日本の宴席の場合、ある程度の時間が経過すると司会がしゃしゃり出てきて中締めなどをする。
予め決められた出席者の中のお偉い人が中締めの挨拶などして、一本締めや三本締めで締め、
会場からの大拍手で宴席が幕を閉じる。(それでも飲み食いを続ける人もいるが。)

宴席が「結婚式」ともなればもっと厳格で、キッチリと決められた時間配分で挨拶やら余興やらをはさみ、
最後は花嫁に両親への感謝の手紙を読ませて涙を誘い、新郎新婦と両親が出入口で挨拶しながら
会場内の出席者を全て送り出すという、実に見事に厳格なスケジュールをこなしてゆく。

プユマ式の結婚式がどうかといえば、まず日本のようなキッチリとした時間配分はない。
始まりから終わりまで全てが曖昧で、キッチリに慣れた日本人の感覚ではとてもとまどうのではないかと思う。
また、宴席では主役の新郎新婦たちは鶏酒を持って長老を筆頭にゲストに順番に挨拶をしてまわっていたが、
ゆってみればそれだけで、後はみんな思い思いに飲み食いをしているだけである。

日本の宴会の様に「酒の席は無礼講」とばかりに呑んで酔っぱらう人もいなければ余興も何もない。
「あれ?大猟祭では踊り出す人がいたのにこういう席ではないのかなぁ?」と思っている内に
自然と列席者の数が減ってゆき、いつまにかお開きになっていた。(そういや市長も消えていた。)

結婚式の後のいわゆる二次会
式後のいわゆる二次会?
結婚式のあと今回の式の主催者である高山舞集のリンさん宅に移動。
高山舞集とは1991年創立の台東の原住民歌舞団体。
台湾各地で舞踊公演をしたり若者の育成をしたりしています。
先日の大猟祭の夜にはリンさんが子供の頃から踊りを教えてきた子たちが
大人の男になって尋ねてきたということもあり、感慨深いものがあったそう。
2日前の大猟祭も今回の結婚式も彼女のしきり。
70過ぎてあのパワーはスゴイ物がある。

歌を歌ってくれる女性たち
呑みながら歌う。
ところで、結婚式では会場はだだっ広いし、長老はずらりと並んでいるし、
みんな派手な民族衣装を着てるしで、いささか緊張の色が隠せなかった
日本勢でしたが、こちらの家に移動したところで、ようやくお互いに会話する余裕が生まれた気がする。

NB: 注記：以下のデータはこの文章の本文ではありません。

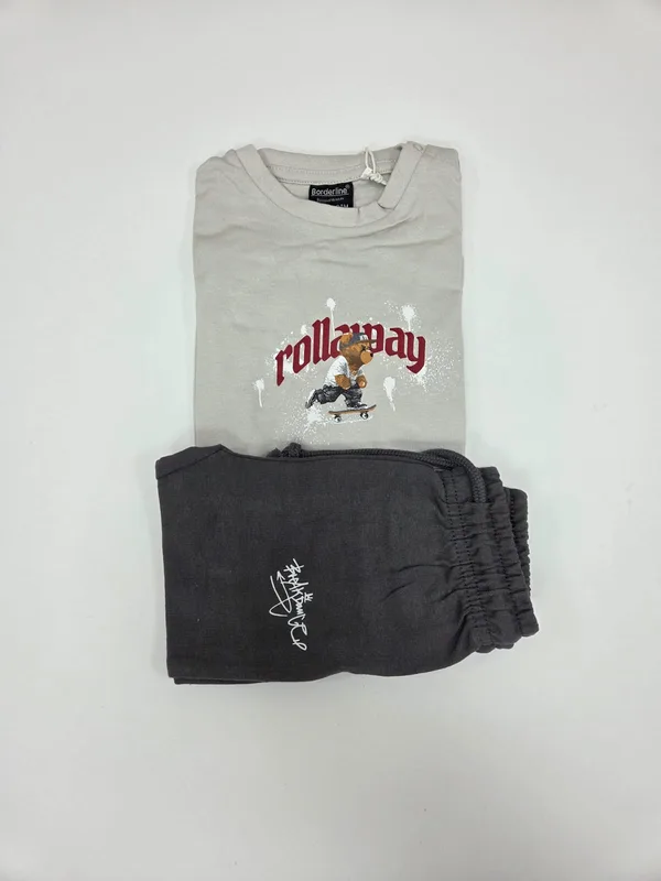 הסט כולל חולצה איכותית ומכנס פנאי למראה יומיומי חסר מאמץ.
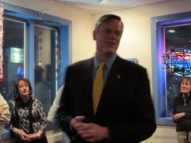 Baker met with the Berkshire County Republicans on Tuesday at Zucco's Family Restaurant.
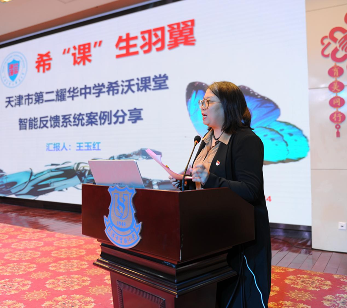 此外,第二耀華中學的王玉紅主任和漢陽道中學的高媛媛老師,分別圍繞《天津市第二耀華中學希沃課堂智能反饋系統案例分享》、《課堂智能分析數據的應用—以物理組為例》,全面展示了希沃課堂智能反饋系統的魅力——包括其如何幫助教師實現從經驗教學向循證教學的轉變、如何實現校本教研的高效融合。
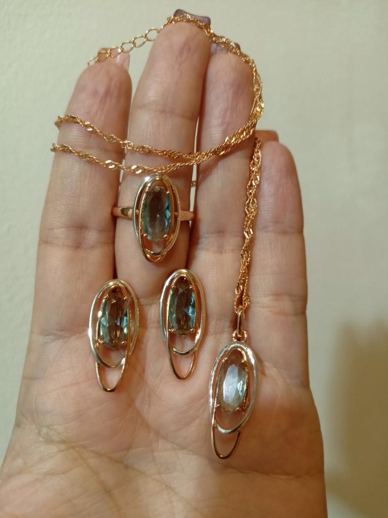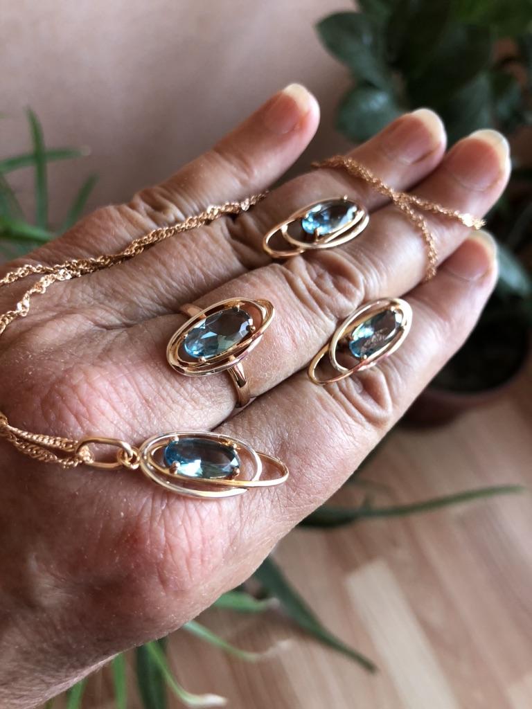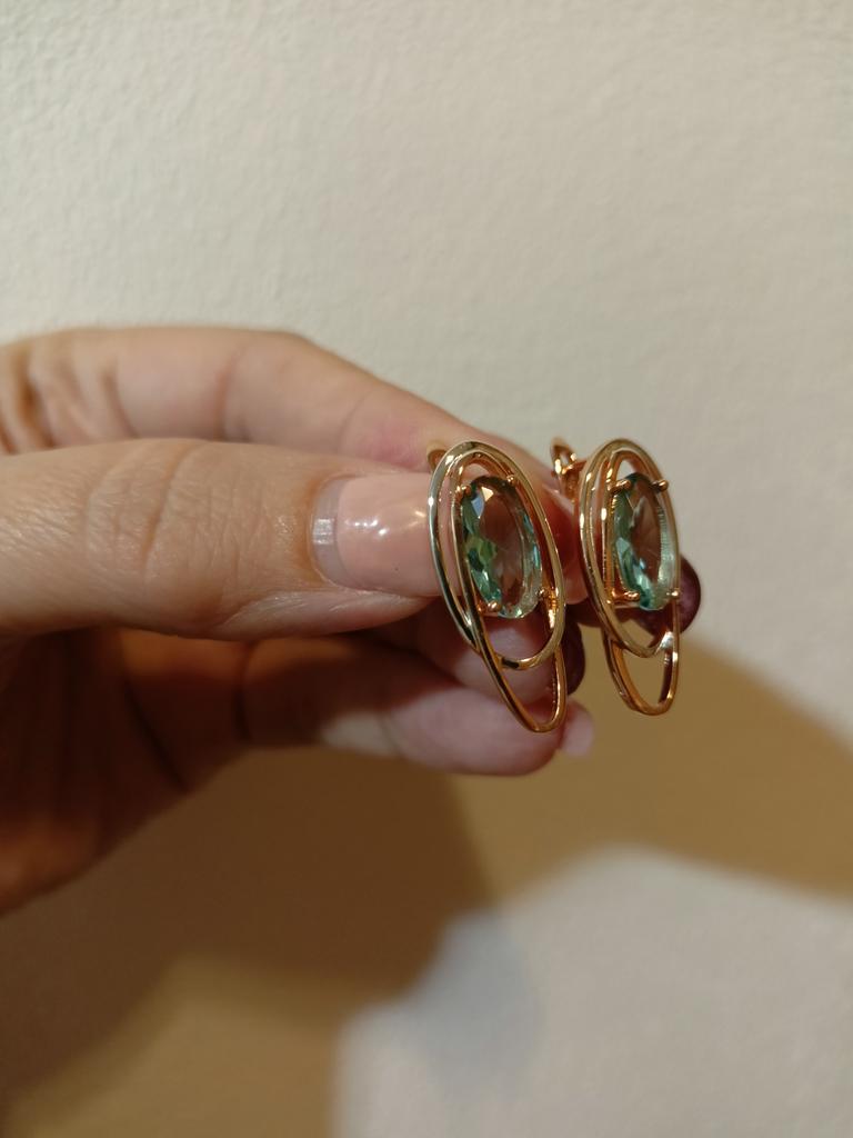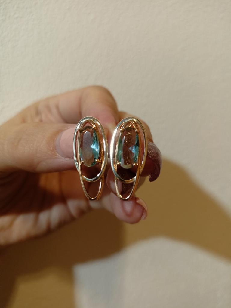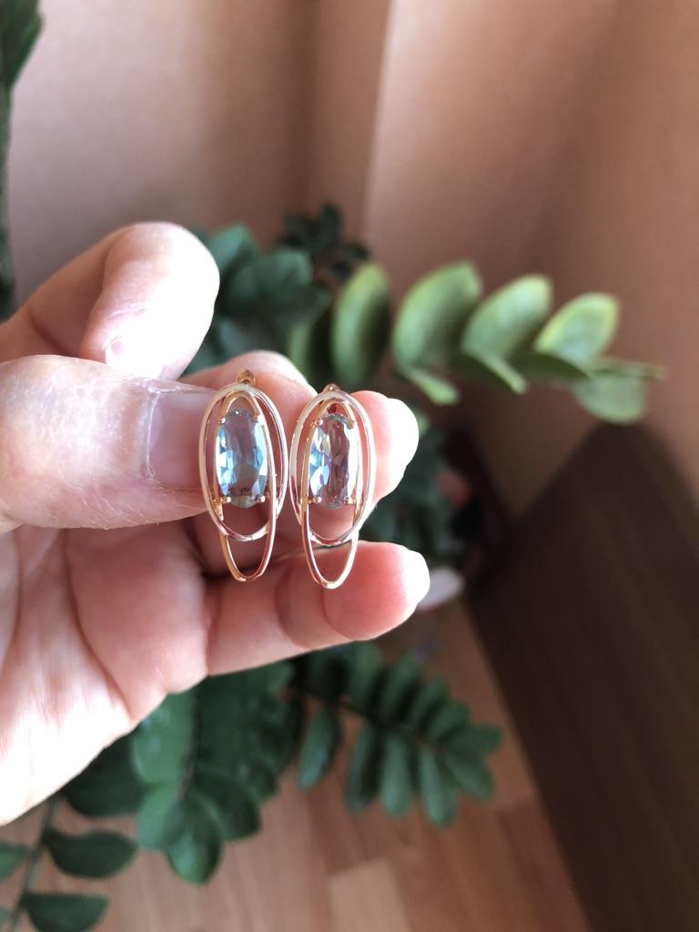 Серьги замечательные, заметные! Голубые камни сверкают гранями при движении. Дизайн оригинальный - выглядит как сочетание жёлтого и белого золота. Качество безупречное. Как настоящее ювелирное украшение. Купила весь комплект - и серьги, и кольцо, и кулон! Спасибо за такую красоту.
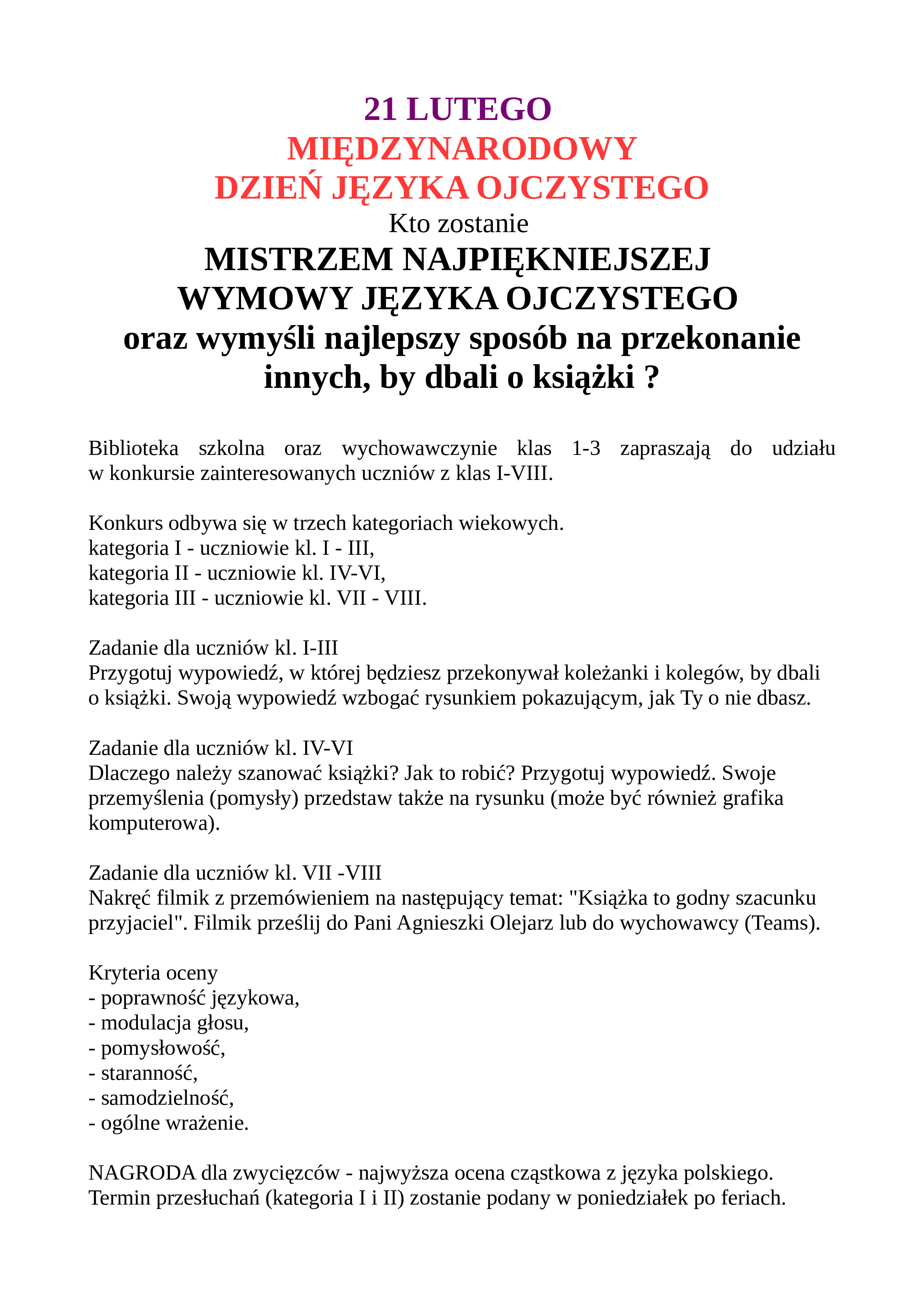 Z okazji Dnia Języka Ojczystego odbył się szkolny konkurs

そして、リンさんのお姉さん(お姉さんなのでやっぱりリンさんだが。)や兄嫁さんなど 雰囲気を盛り上げようとずっと日本語で歌を歌ってくれていた。
東京音頭やソーラン節など、日本人が口ずさめるような民謡だったり、
草津よいトコ~ではなく「南王よいトコ一度はおいで~」と替え歌だったり、
しまいには、酒を飲め飲め~っていう趣旨のうたがごろごろ出てくる。

出された物は食べる。
私は出された物をまだ食う。
「1本2本3本のミーチュ~(米酒)」
「日本のさーけ、台湾のさーけ、やっぱり台湾の米酒~」
とこんな感じの歌である。おぼえやすいのですぐに一緒に歌える。

ちなみにアトランタオリンピックの時のテーマソングのサビは 台湾原住民族の歌をサンプリングして作ったそうですが、その曲名も「老人飲酒歌」だそうである。
やっぱり宴席と歌は付き物なのかなと思った。

歌っているばあちゃんたちの足下にはカラになった台湾版養命酒「保力達」と米酒の空き瓶がごろごろ。
米酒を保力達で割って飲むのでアルコール度数はかなり薄まるが、それにしても空き瓶の数がスゴイ。
そして、保力達のラベルを見ると「食前もしくは食後に1回30~40cc。1日に3回飲むように」とあるが、
明らかに飲み過ぎ。おまけに保力達にも少しアルコールが入っている。養命酒だから。

そして、それだけ呑んでいるのにみんな全く平然としていて酔っぱらうこともない上に、
最終的にはスクーターにまたがってぶーんと自分で運転して帰ってしまった。
いくら家が近所だとはいえ、80過ぎのばあさんがスクーターを運転することも衝撃的だ。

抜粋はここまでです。